Measurement Length Changes Impulse Response? And a Sub Integration Question

I have no better insight as to what is best than you do. The advantage of this process is that you can now see exactly what is going on in this range and decide what alignment(s) you want to try out.

Here are my thoughts however in case you find them useful:

> Sub Polarity - Yes, the Sub is negative polarity. [FYI - The impulse peak reflects the highest frequency being measured; in this case 500 Hz. If the Sub is still in its passband then using the impulse chart is fine for this decision. If the Sub is well into its stopband and has a steep lowpass filter active then it may be misleading. It is better to look at the step response or the phase response.]

> Polarity to use - Your choice. Good alignments can be found either way. With an acoustic LR-24 or LR-48 XO setting both polarities positive is the alignment that is correct. As the acoustic filters often deviate from the ideal rolloff either setting may work as well. With enough deviation a better fit may be found with one driver reversed. The electrical filters chosen often do not provide the target acoustic shape.

> Direct sound or steady-state alignment - I initially find the best direct sound alignment and see how well it works for SPL. I also reverse polarity on the Sub and the reduce the delay of the sub (increase mains delay in this case) ~1/2 wavelength to find the best direct sound timing (~5 ms delay shift in this case). If the SPL support is good, I would use one of these 2 alignments. With room effects impacting phase at the LP and L vs R differences there are often other settings that in this range that provide as much
(or possibly more?) SPL support. These would all be good settings in my opinion. I am reluctant to shift the delay outside of this 5 ms range. We could find good SPL support with additional 1/2 wavelength increments, but the group delay offset starts to be excessive.

> Sub Position - Always a good consideration. Also a second sub to match the one you have may help a lot.
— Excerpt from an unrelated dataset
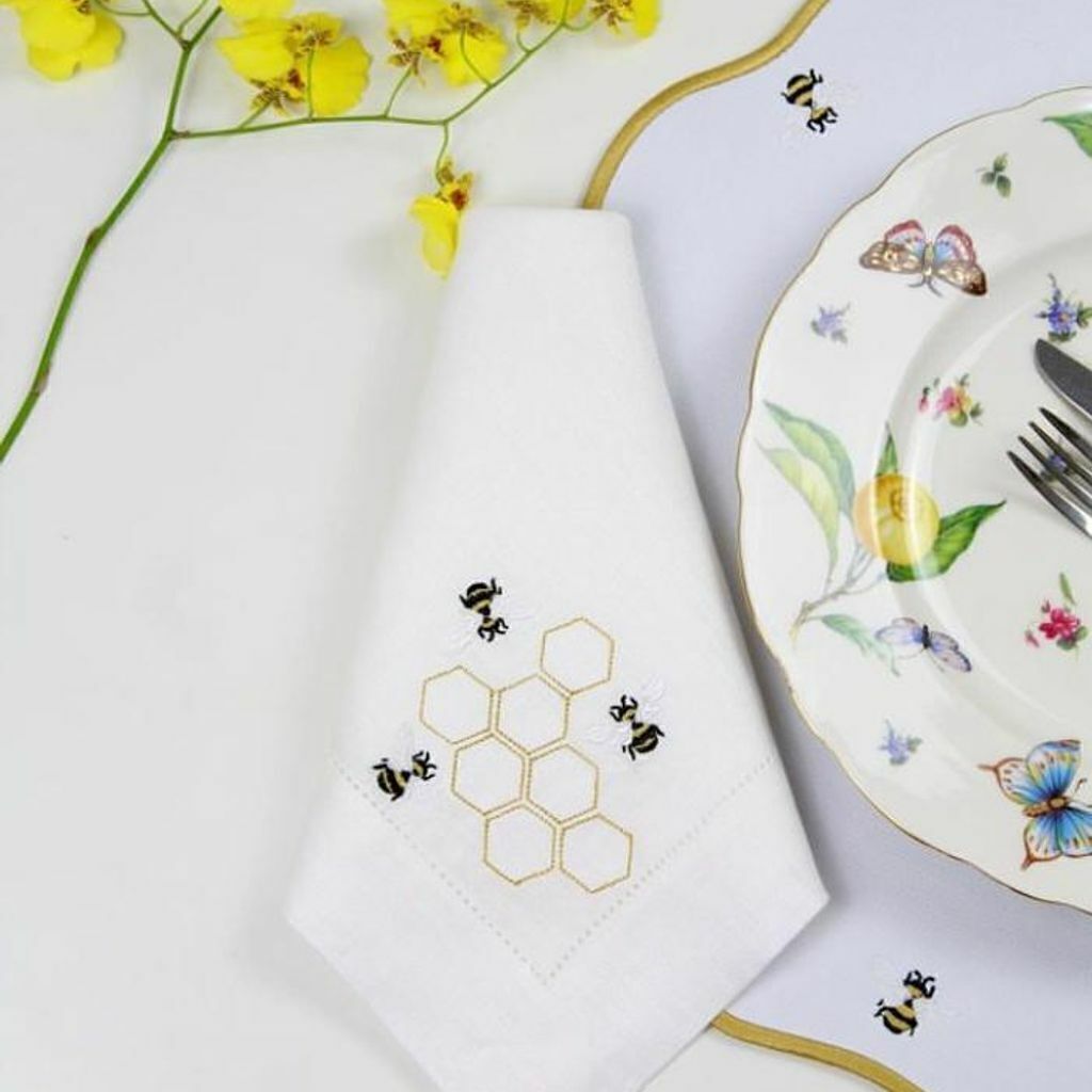 Guardanapo de Linho Branco com Bordados Abelhas 43x43 cm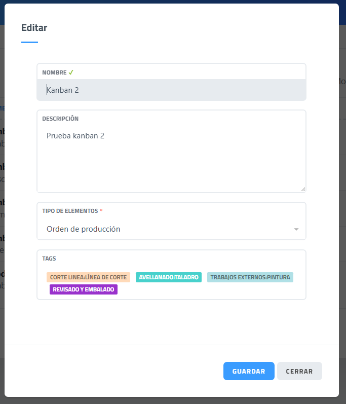 El resto de funcionamiento es igual que el de tipos de Kanban teniendo en cuenta que en este tipo de Kanbans únicamente son para operar con ordenes de producción y las etiquetas para las columnas serán las creadas para uso del módulo de producción.

> XO frequency - Don't be reluctant to try a 120 Hz XO and see for yourself if there is distraction. With an acoustic LR-24 100 Hz XO I have no distraction. Others indicate they do. They may be more sensitive or may be they have more leakage higher into the mid bass, or possibly their room acoustics are different. It really only matters what you find in your case.
 
^Thanks for all your helpful comments @jtalden :T.
 
This is an old thread I know but I'll briefly revive it as it as I'm curious if the relatively new approach of having two acoustic timing reference signals (one at the start and one at the end of measurements) may be intended to have resolve my initial issue? I'm now routinely using a miniDSP SHD rather than the 2x4 HD I was when I started this thread, but testing again now and I get consistent impulse response shapes independent of measurement length.
 
This is an old thread I know but I'll briefly revive it as it as I'm curious if the relatively new approach of having two acoustic timing reference signals (one at the start and one at the end of measurements) may be intended to have resolve my initial issue? I'm now routinely using a miniDSP SHD rather than the 2x4 HD I was when I started this thread, but testing again now and I get consistent impulse response shapes independent of measurement length.
Yes, my understanding is that the trailing reference is added to correct for any clock difference.
 
Since your first post, REW has gotten a lot better in every way. There are many new settings.
 
Since your first post, REW has gotten a lot better in every way. There are many new settings.
Indeed, many of which I've used and appreciated. It's not that I've only just used REW for the first time in three years :). This relatively recent change reminded me of this issue as I did suspect the change was precisely for the reason @jtalden mentioned. Plus if it was I thought it would be good to tidy up this thread as a now solved issue should anyone else have been following it, or subsequently come across it.